The adhesion performance of pressure-sensitive adhesive (PSA) thin films on additively manufactured polymers is strongly governed by surface anisotropy induced during printing. In this study, PSA thin films based on 2-ethylhexyl acrylate (EHA) and acrylic acid (AA) were deposited by initiated chemical vapor deposition (iCVD) onto fused deposition modeling (FDM) printed PLA substrates with different raster orientations (0 degrees, 30 degrees, 60 degrees, and 90 degrees). The deposited films exhibited high optical transparency on glass, and thicknesses consistent with the targeted deposition. Adhesion performance was evaluated using tensile and three-point bending tests, revealing a strong dependence on raster orientation.
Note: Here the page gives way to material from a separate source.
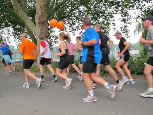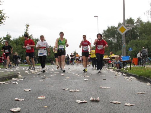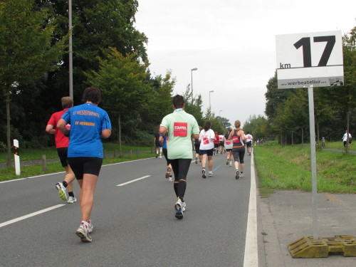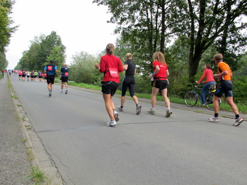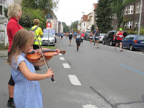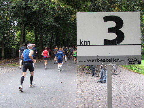 Was mir noch auffällt? Die Stadt riecht nach frischen Brötchen. Und mein Frühstück liegt schon drei Stunden zurück. Bei km 3 geht’s auf die Promenade, dem Grünen Ring um die Innenstadt, auch Fahrradautobahn genannt. „It’s all over now“ spielt unplugged eine Coverband. Na, das wäre aber schade.

The 0 degrees raster orientation yielded the highest shear adhesion strengths, reaching 12.03 N/cm2 under tensile loading and 4.59 N/cm2 under bending, along with the largest failure displacements. In contrast, specimens printed at 90 degrees exhibited an approximately 47% reduction in tensile shear adhesion strength and limited deformation prior to failure. SEM analysis showed that raster alignment parallel to the loading direction promoted extensive adhesive deformation and PSA fibrillation, whereas higher raster angles resulted in predominantly interfacial debonding. These results demonstrate that raster orientation is a critical design parameter for tuning PSA adhesion on FDM-printed PLA substrates without modifying adhesive chemistry.